I just tried it, and it worked for me. Mine prints this additional info in the log (same as your beginning):
whisper_model_load: CPU total size = 59.12 MB
whisper_model_load: model size = 59.12 MB
whisper_init_state: kv self size = 6.29 MB
whisper_init_state: kv cross size = 18.87 MB
whisper_init_state: kv pad size = 3.15 MB
whisper_init_state: compute buffer (conv) = 16.26 MB
whisper_init_state: compute buffer (encode) = 85.86 MB
whisper_init_state: compute buffer (cross) = 4.65 MB
whisper_init_state: compute buffer (decode) = 96.35 MB
system_info: n_threads = 15 / 16 | AVX = 1 | AVX2 = 1 | AVX512 = 0 | FMA = 1 | NEON = 0 | ARM_FMA = 0 | METAL = 0 | F16C = 1 | FP16_VA = 0 | WASM_SIMD = 0 | BLAS = 0 | SSE3 = 1 | SSSE3 = 1 | VSX = 0 | CUDA = 0 | COREML = 0 | OPENVINO = 0 | CANN = 0
main: processing '/tmp/shotcut-kJdGZj.wav' (2723840 samples, 170.2 sec), 15 threads, 1 processors, 5 beams + best of 5, lang = en, task = transcribe, timestamps = 1 ...
...
output_srt: saving output to '/tmp/shotcut-DiFbDv.srt'
whisper_print_timings: load time = 79.77 ms
whisper_print_timings: fallbacks = 0 p / 0 h
whisper_print_timings: mel time = 149.32 ms
whisper_print_timings: sample time = 2793.26 ms / 3542 runs ( 0.79 ms per run)

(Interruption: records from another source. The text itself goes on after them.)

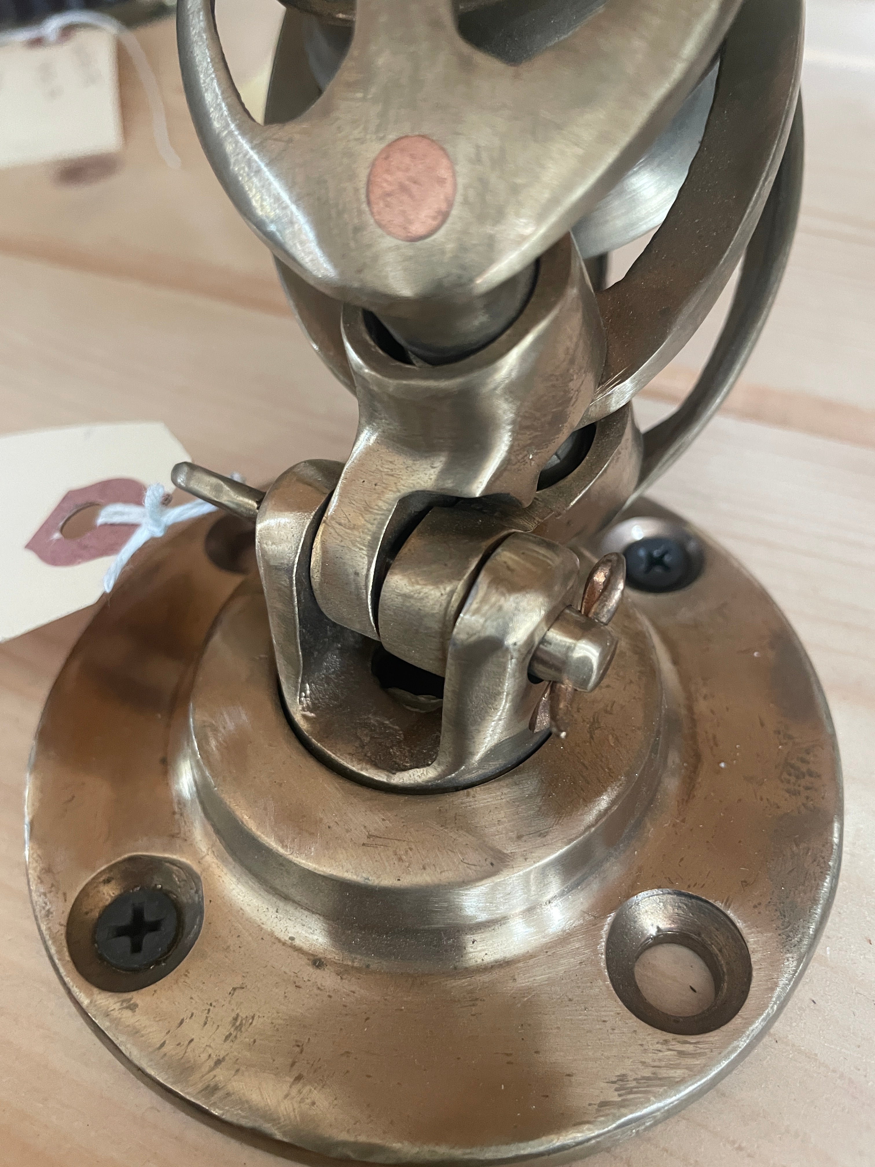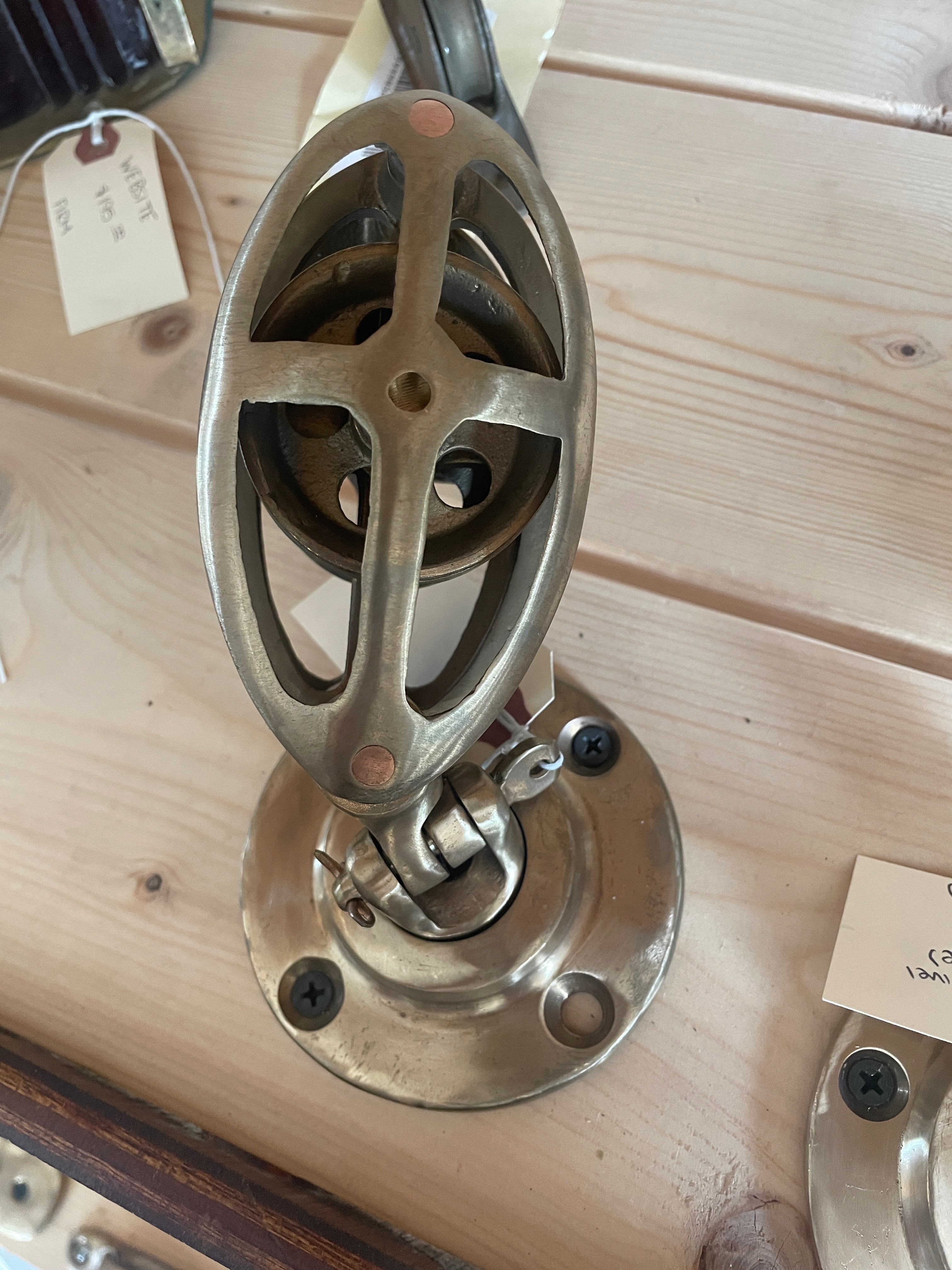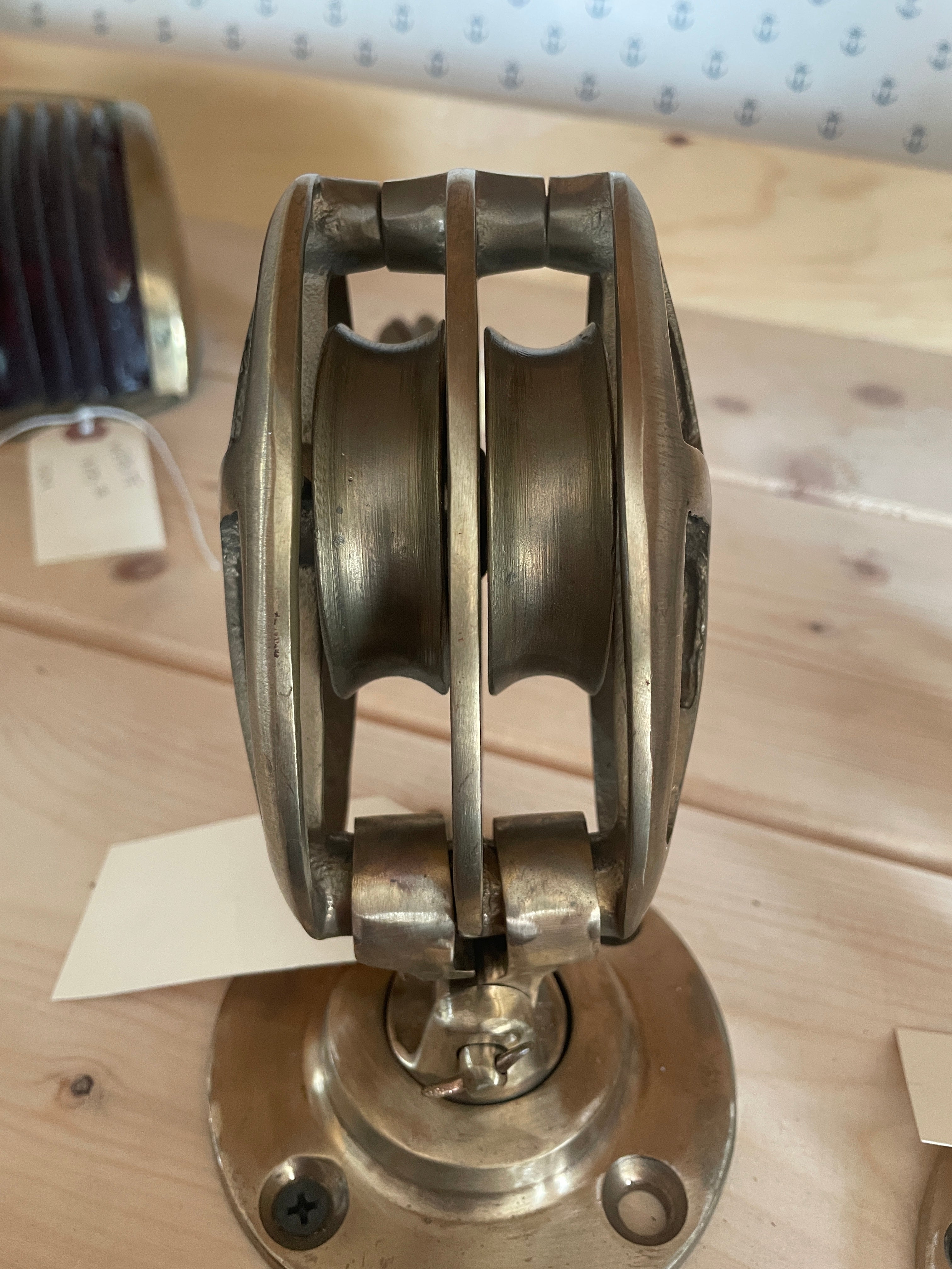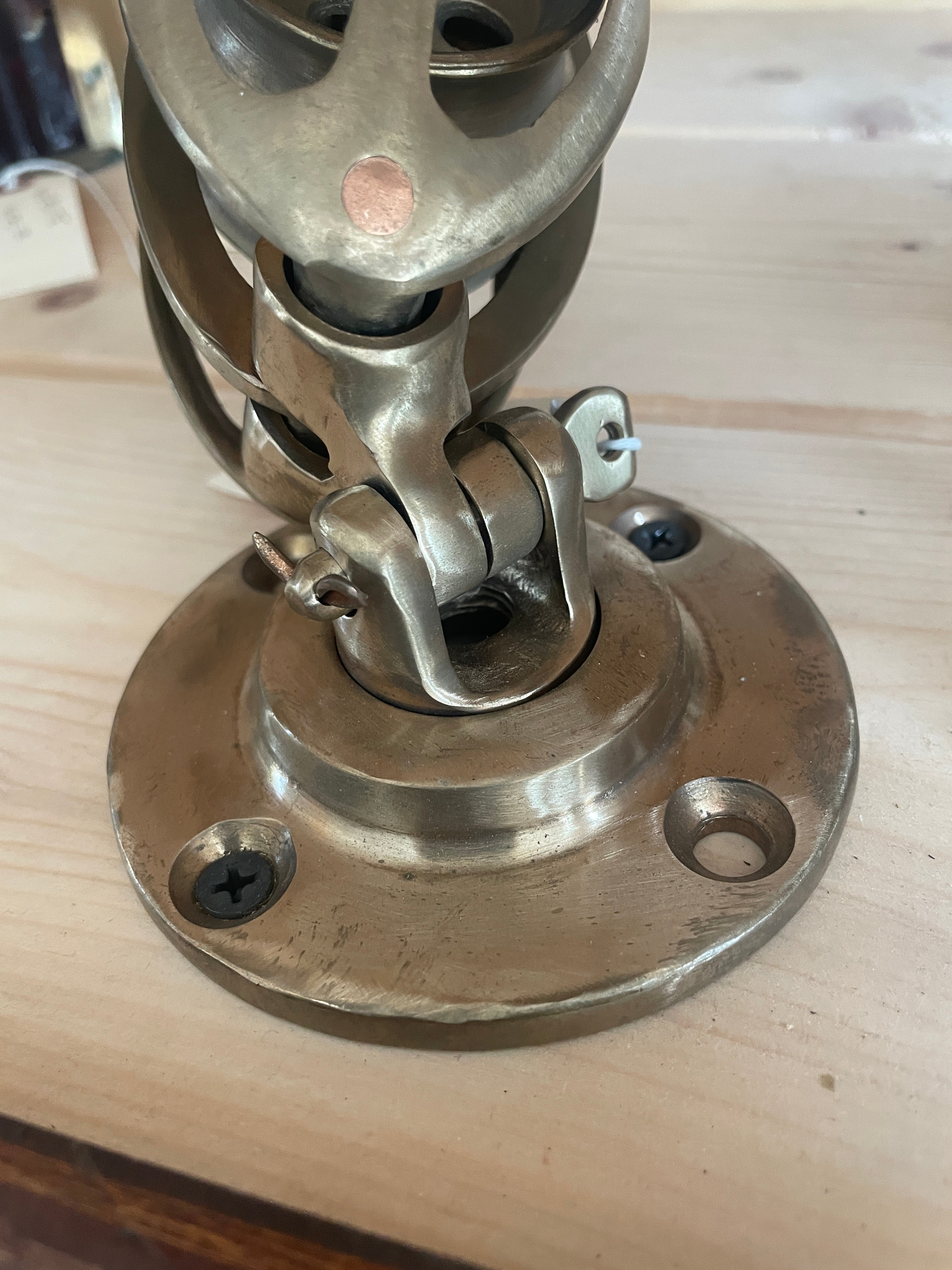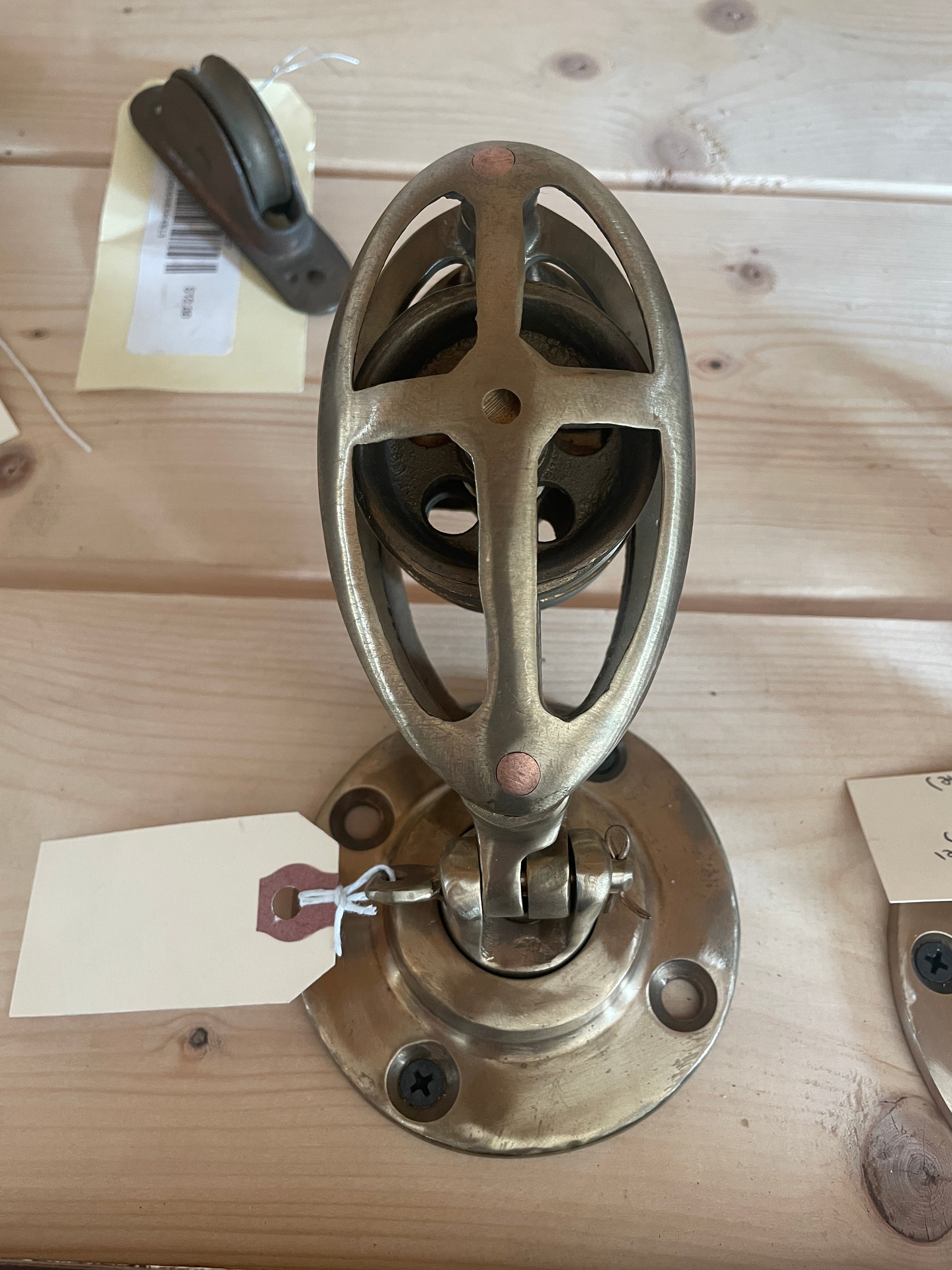 BB6401A Double Cage Deck Swivel Block. This block had 2, 2" sheaves that fit max 5/8" line. The base is 3 5/8" diameter. Stands 6" tall when mounted.
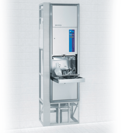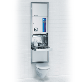 Dieser Steckbeckenspüler lässt sich wandbündig einbauen – das schafft ideale, platzsparende Voraussetzungen für die Ausstattung von Patientenzimmern. Vor allem in Intensiv- und Isolierstationen bietet er viele Vorteile: Kontaminierte Pflegegeschirre werden nicht über Flure getragen und bleiben eindeutig patientenbezogen.
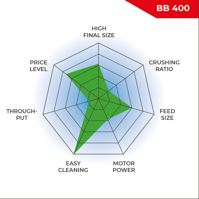 A front door gives direct access to the crushing chamber at a perfect height for ergonomic and easy cleaning. The feed hopper with splash-back protection can be removed quickly and easily. The BB 400 has a connection for dust extraction and is protected against mechanical overload. A scale indicates the wear of the breaking jaws, informing the user when it is time for an exchange.
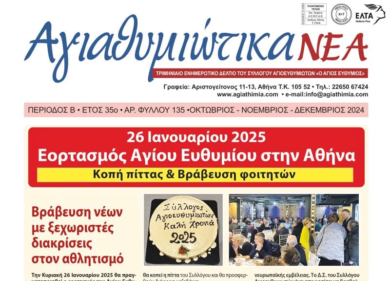 Ενημερωτικό δελτίο του Συλλόγου Αγιοευθυμιωτών Εορταστικό, πολύχρωμο και με πλούσιο περιεχόμενο, κυκλοφόρησε το χριστουγεννιάτικο (υπ’...

whisper_print_timings: encode time = 4152.87 ms / 6 runs ( 692.15 ms per run)
whisper_print_timings: decode time = 7.64 ms / 2 runs ( 3.82 ms per run)
whisper_print_timings: batchd time = 4308.48 ms / 3513 runs ( 1.23 ms per run)
whisper_print_timings: prompt time = 830.59 ms / 1024 runs ( 0.81 ms per run)
whisper_print_timings: total time = 12530.26 ms
Completed successfully in 00:00:12
I chose Italian without translate to English. Did you try more than one audio?
What is your CPU? I think if it is rather old, it will not work as it expects AVX2 instructions. You can check in a terminal with cat /proc/cpuinfo | grep avx2. If if does not print a result, your CPU does not have it.
The other Linux builds we make turn off AVX2 but not Flatpak. (There is a reason related to OpenBLAS.)
I have an i3 dual core cpu, without support for AVX2 instructions.
Patience, the automatism would have been convenient, but I will use the manual method to subtitle the video.